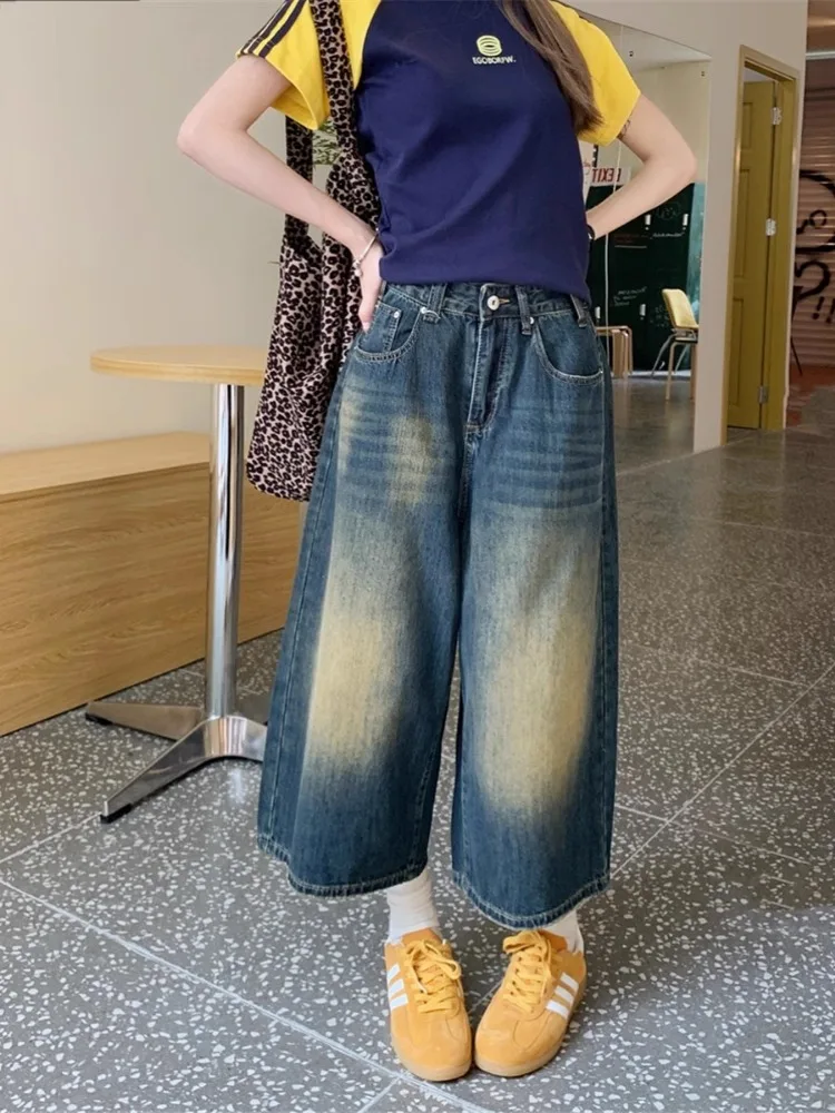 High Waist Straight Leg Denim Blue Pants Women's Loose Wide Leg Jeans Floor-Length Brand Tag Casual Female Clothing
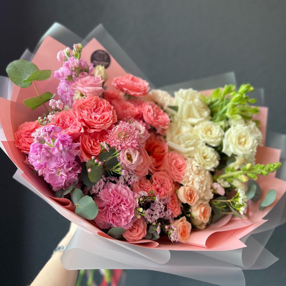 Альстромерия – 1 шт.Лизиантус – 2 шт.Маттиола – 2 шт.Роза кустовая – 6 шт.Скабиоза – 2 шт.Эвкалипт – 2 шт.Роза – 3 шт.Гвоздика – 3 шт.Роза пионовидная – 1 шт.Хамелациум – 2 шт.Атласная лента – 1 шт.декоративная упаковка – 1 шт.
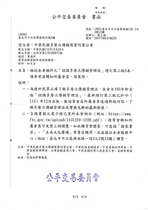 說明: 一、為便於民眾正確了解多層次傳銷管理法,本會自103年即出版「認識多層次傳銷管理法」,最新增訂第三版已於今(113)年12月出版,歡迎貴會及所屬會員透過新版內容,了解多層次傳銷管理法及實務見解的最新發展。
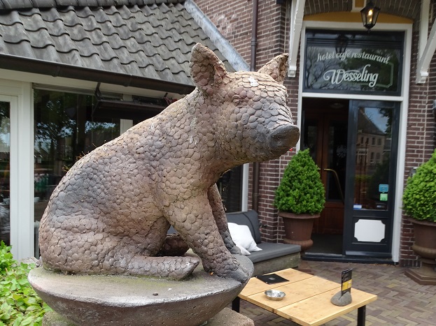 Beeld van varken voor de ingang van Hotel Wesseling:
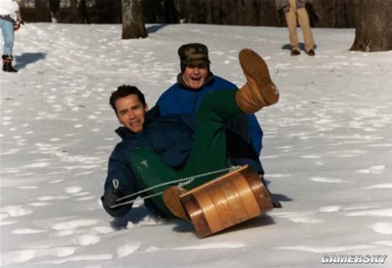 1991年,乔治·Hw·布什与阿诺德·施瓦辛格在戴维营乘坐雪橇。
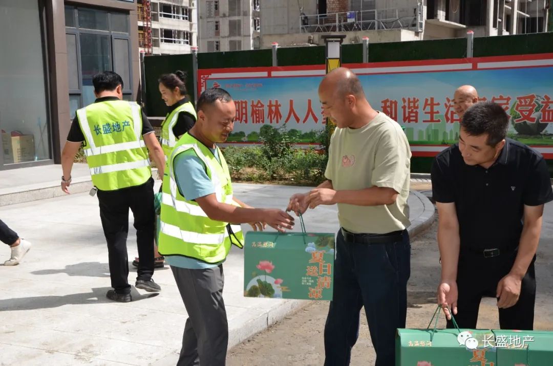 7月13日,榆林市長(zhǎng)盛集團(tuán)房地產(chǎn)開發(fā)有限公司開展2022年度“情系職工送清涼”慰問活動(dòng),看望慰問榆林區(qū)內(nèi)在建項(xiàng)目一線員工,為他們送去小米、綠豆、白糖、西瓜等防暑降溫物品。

:::

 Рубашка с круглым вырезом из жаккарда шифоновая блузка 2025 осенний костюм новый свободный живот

:::

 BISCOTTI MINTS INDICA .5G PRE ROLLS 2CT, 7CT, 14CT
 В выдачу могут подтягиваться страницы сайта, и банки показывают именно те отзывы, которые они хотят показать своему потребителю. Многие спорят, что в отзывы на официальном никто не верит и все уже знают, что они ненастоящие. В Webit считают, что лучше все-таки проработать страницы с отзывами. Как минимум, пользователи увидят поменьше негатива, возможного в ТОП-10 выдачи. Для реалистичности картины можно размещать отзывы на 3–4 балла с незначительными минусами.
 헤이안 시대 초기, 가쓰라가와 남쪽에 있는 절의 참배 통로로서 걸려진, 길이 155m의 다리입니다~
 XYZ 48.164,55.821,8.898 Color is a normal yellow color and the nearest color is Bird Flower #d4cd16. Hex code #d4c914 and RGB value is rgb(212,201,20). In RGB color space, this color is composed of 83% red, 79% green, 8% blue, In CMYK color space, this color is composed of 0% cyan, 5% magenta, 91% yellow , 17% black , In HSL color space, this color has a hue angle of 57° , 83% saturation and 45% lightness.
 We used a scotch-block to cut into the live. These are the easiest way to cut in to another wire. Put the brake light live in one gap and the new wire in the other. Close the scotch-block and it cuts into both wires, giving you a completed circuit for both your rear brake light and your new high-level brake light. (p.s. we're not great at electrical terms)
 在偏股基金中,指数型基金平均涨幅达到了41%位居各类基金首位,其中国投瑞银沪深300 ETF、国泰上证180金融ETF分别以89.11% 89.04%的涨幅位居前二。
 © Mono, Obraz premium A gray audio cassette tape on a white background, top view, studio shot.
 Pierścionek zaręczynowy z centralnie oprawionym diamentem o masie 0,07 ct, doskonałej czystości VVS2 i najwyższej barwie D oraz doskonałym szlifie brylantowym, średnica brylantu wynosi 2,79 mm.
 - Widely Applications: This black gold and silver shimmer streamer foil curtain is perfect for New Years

:::

Work request: I'd like the lines above from the one with "В выдачу могут" up to and including the one with "헤이안 시대 초기, 가쓰라가와" copied exactly, with no other lines.

Reply:
 В выдачу могут подтягиваться страницы сайта, и банки показывают именно те отзывы, которые они хотят показать своему потребителю. Многие спорят, что в отзывы на официальном никто не верит и все уже знают, что они ненастоящие. В Webit считают, что лучше все-таки проработать страницы с отзывами. Как минимум, пользователи увидят поменьше негатива, возможного в ТОП-10 выдачи. Для реалистичности картины можно размещать отзывы на 3–4 балла с незначительными минусами.
 헤이안 시대 초기, 가쓰라가와 남쪽에 있는 절의 참배 통로로서 걸려진, 길이 155m의 다리입니다~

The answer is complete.